自己判断で無理に吐かせるのは避け、体調変化の確認を優先してください。

病院に行ったほうがいいケース

次のような場合は、医療機関への相談を考えたほうが安心です。

  • 吐き気、おう吐、腹痛、下痢が出ている
  • めまい、ふらつき、ぐったり感がある
  • 子どもや高齢者が食べた
  • 緑の部分や芽を多く食べた可能性がある
  • 症状が強い、または長引く

特に、意識がぼんやりする、けいれん、呼吸が苦しそうなど重い症状がある場合は、早めの受診が必要です。重症例では重い神経症状が起こることもあると案内されています。

緑のじゃがいもは加熱すれば大丈夫?

「加熱したから平気」と思われがちですが、そうとはいえません。農林水産省は、芽や緑色部分は加熱前にしっかり取り除くことを勧めています。
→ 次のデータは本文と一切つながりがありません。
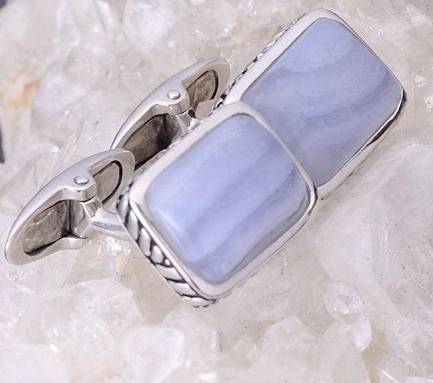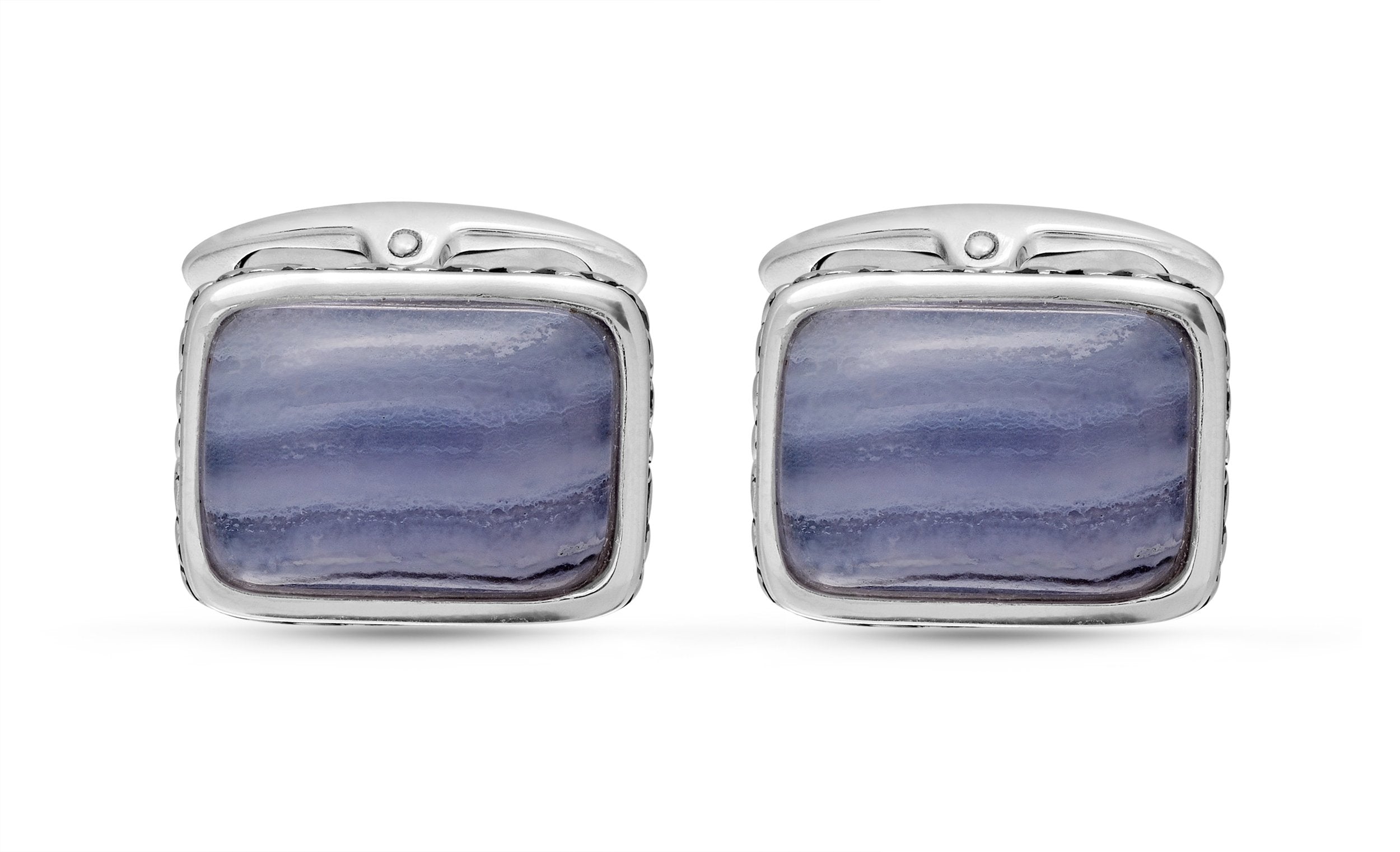 Blue Lace Agate Stone Cufflinks in Black Rhodium Plated Sterling Silver
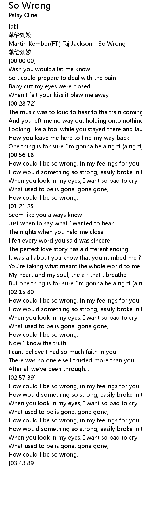 | [03:00.69] | How could I be so wrong, in my feelings for you |

つまり、加熱よりもまず取り除くことが大事です。

今後、食べないための見分け方

緑のじゃがいもを避けるには、調理前のチェックが大切です。

注意したいじゃがいもの特徴

  • 皮が緑色になっている
  • 芽が出ている
  • 芽の根元が硬い
  • 未熟で小さい
  • 苦味やえぐみがある

特に、学校菜園や家庭菜園で育てたものは、市販品より中毒事故が起こりやすいとされています。

緑のじゃがいもを防ぐ保存方法

じゃがいもは光に当たると緑化しやすいため、保存方法も重要です。

  • 光を当てない
  • 涼しく、風通しのよい暗い場所で保管する
  • 傷つけないように保管する

農林水産省も、光を避けて保存することをすすめています。

まとめ

緑のじゃがいもを食べてしまった場合、必ず症状が出るとは限りませんが、緑色の部分や芽にはソラニン、チャコニンが多く含まれるため注意が必要です。

ポイントは次の3つです。

  • 少量でも不安なら体調をよく観察する
  • 吐き気、腹痛、下痢、めまいなどがあれば受診を検討する
  • 今後は緑色部分や芽をしっかり除き、光を避けて保存する

不安になりやすいテーマですが、正しく知っておけば落ち着いて対応できます。じゃがいもは便利な食材だからこそ、**「緑色は食べない」**を覚えておくと安心です。